What did they find, and why is it important?

From their experiments (on large‑scale clusters and LLM tasks), the main takeaways are:

Higher throughput: More prompts answered and scored per second, which means faster training.
Better hardware use: GPUs (the computers doing the heavy lifting) stay busy instead of sitting idle waiting for other steps.
Scales up smoothly: As they add more machines, the system continues to work well rather than getting bogged down by communication or waiting.
Flexible and stable: It supports different training setups (full fine‑tuning or parameter‑efficient fine‑tuning) and common RL methods, helping teams adapt it to their needs.

Why this matters: RL with feedback (often called RLHF when using human preferences) is a key way to make LLMs follow instructions, be helpful, and stay safe. But it’s expensive and slow at large scale.
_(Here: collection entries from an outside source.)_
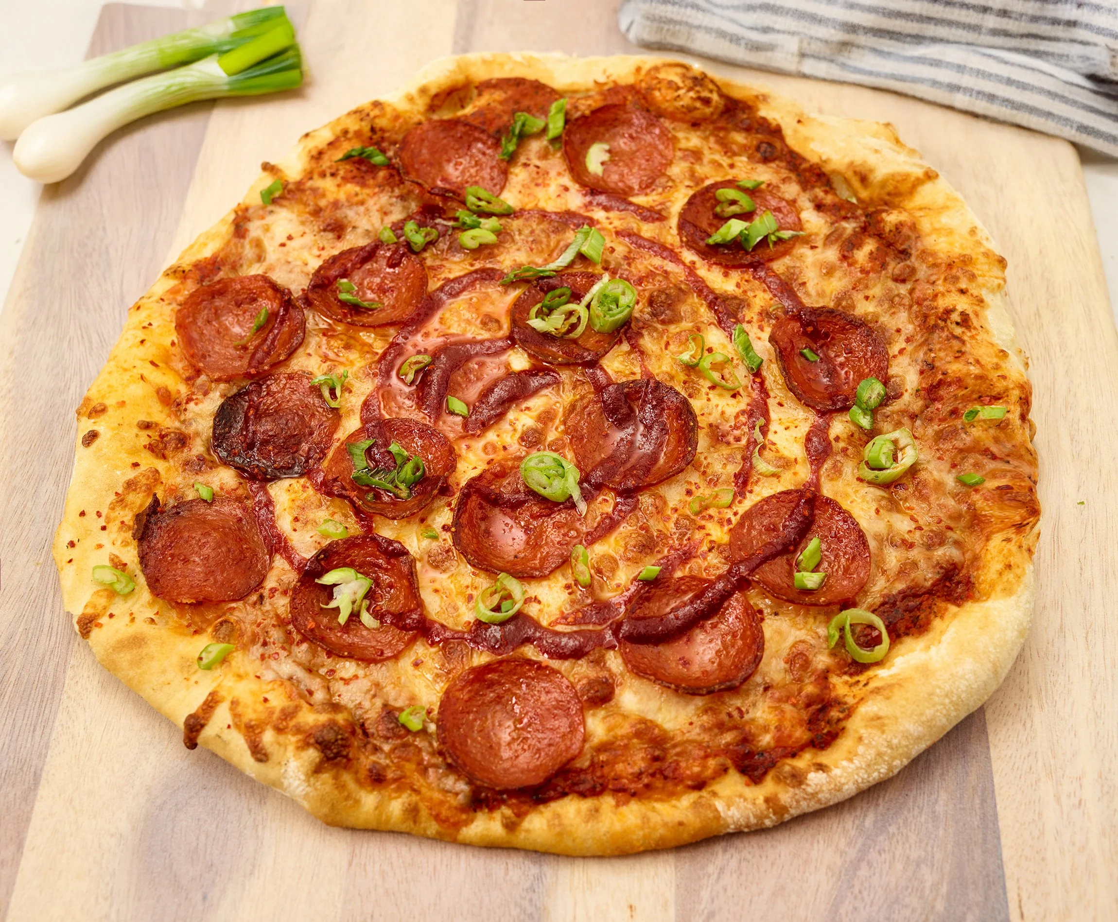 Pepperoni Pizza with Gochujang sauce and Scallion for a spicy Korean twist.
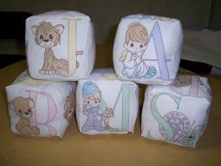 I made these cloth blocks for the baby for Christmas. I used a pre-printed Precious Moments quilt panel that had been given to me. I cut out the blocks and stitched them together. I stuffed them with fiberfill. They were pretty easy to put together.
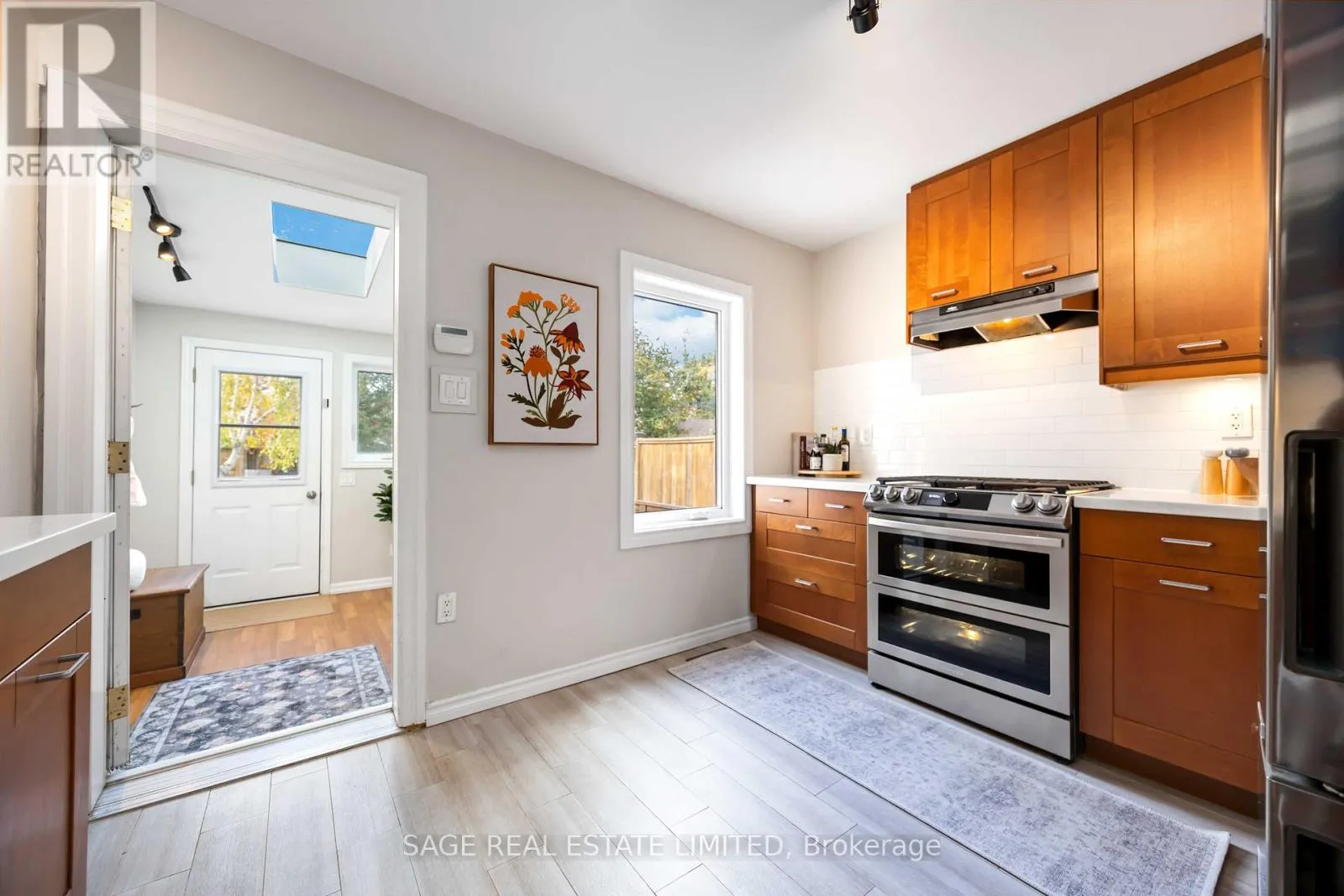 Cross Streets: Gerrard And Victoria Park. ** Directions: West side of Victoria Park, South of Gerrard, North of Kingston Road. A walk in the park. This 3 bedroom, 2 bath semi has been beautifully renovated while preserving its century-home soul, with all the warmth and character you crave. Think original wood casings and trim, oak doors with vintage hardware, glass knobs, and sunlit rooms that feel instantly like home. Your storybook covered front porch leads you into the wide open living and dining rooms. The modern and spacious kitchen with a dual-fuel, dual-oven/range and quartz countertops is perfect for cooks and gatherers alike, flowing to a landscaped backyard with laneway parking. Not to be forgotten, the versatile rear addition gets all the glory, illuminated by its skylight, proving even practical spaces can have main character energy. Upstairs you have three full bedrooms with surprisingly deep closets and a magazine worthy, beautifully renovated bathroom featuring timeless finishes, elegant tile, heated floors and thoughtful design details throughout. The property has been lovingly updated, from the upgraded electrical panel (2023) with 220/240v EV charger, fresh paint, lighting, and fully fenced back garden. Set in a friendly, walkable pocket steps to Kingston Rd., Village Shops, parks like Blantyre, Bob Acton, and Glen Stewart Ravine to name a few, top-rated schools like the beloved Adam Beck Public School, GO/TTC, and Woodbine Beach. This is the kind of home and community people rarely want to leave. (id:27476)
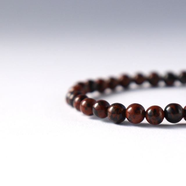 ブラックとブラウンの穏やかな模様が美しい、マホガニーオブシディアンのブレスレット。 オブシディアンは火山活動によって生まれた天然のガラス質の石で、含まれる微細な成分によってさまざまな表情を持ちます。 中でもマホガニーオブシディアンは、赤褐色とブラックカラーがマーブル模様に発色したオブシディアン。鉄分による発色のブラウンが美しいストーンです。 こちらは、ブラウンを基調にブラックが入り込んだ模様のマホガニーオブシディアン。 温かみがありつつ存在感もある、美しい一本です。 ビーズサイズ:約6mm 内径サイズ:約15.5cm 重さ:8.1g
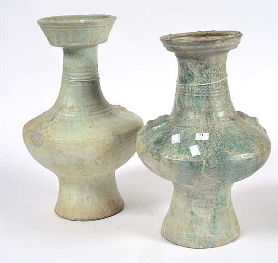 TWO HAN DYNASTY GRANARY JARS, LARGEST 42CM HIGH (2)
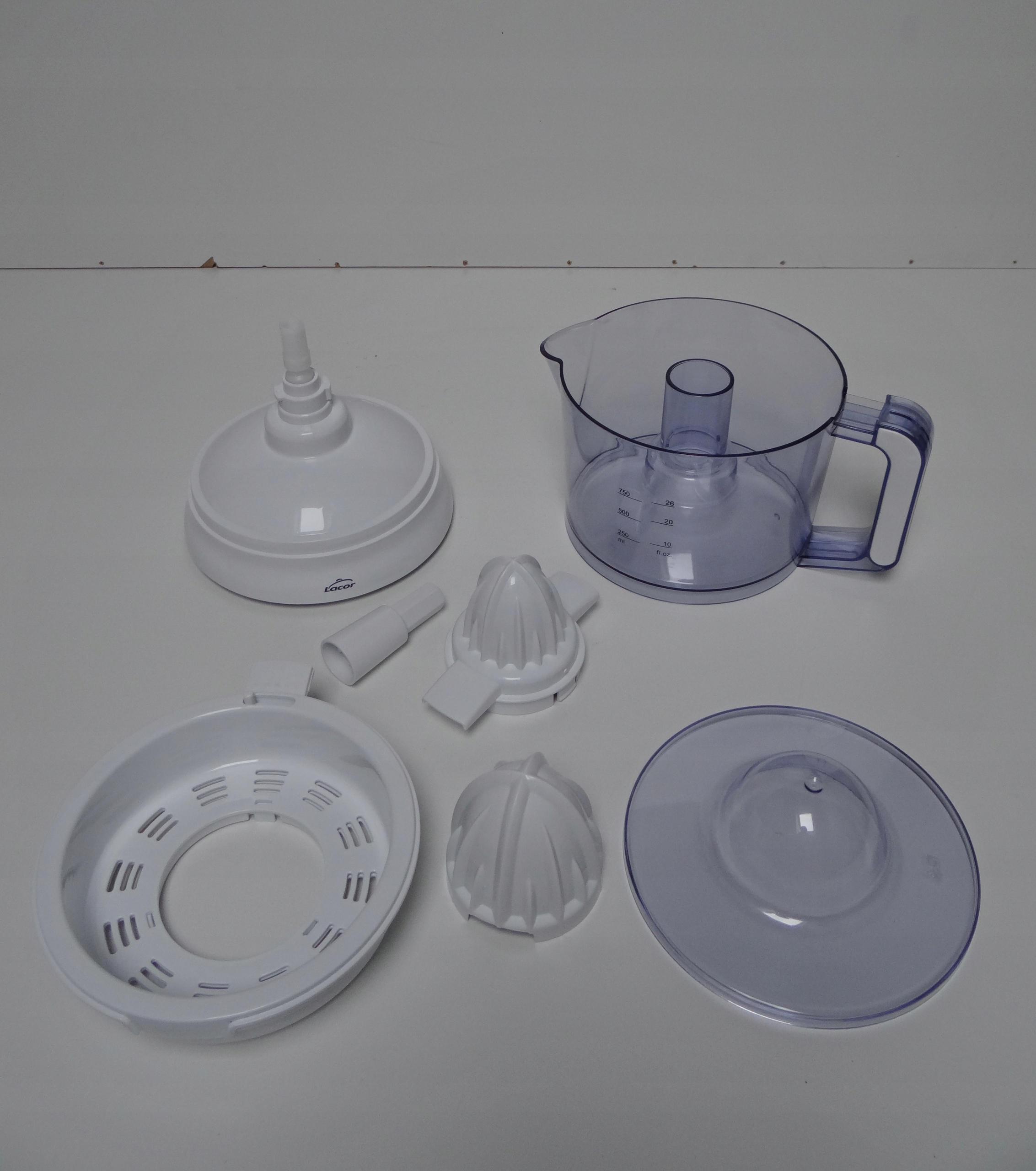 - Включно з двома змінними конусами різних розмірів для віджимання соку різних розмірів (підходить для усіх видів цитрусових), прозорий захисний ковпачок та буклет з інструкцією (може бути недоступним у польський)

Speeding it up while keeping quality high can make better AI assistants available sooner and at lower cost.

What’s the bigger impact?

If training with feedback becomes faster and cheaper:

Companies and research labs can iterate more quickly, improving models’ helpfulness, safety, and alignment with human values.
Smaller teams may participate by using parameter‑efficient methods, reducing the cost barrier.
Continuous improvement becomes easier: models can be refined with new feedback quickly (like learning better safety rules or adapting to new use cases).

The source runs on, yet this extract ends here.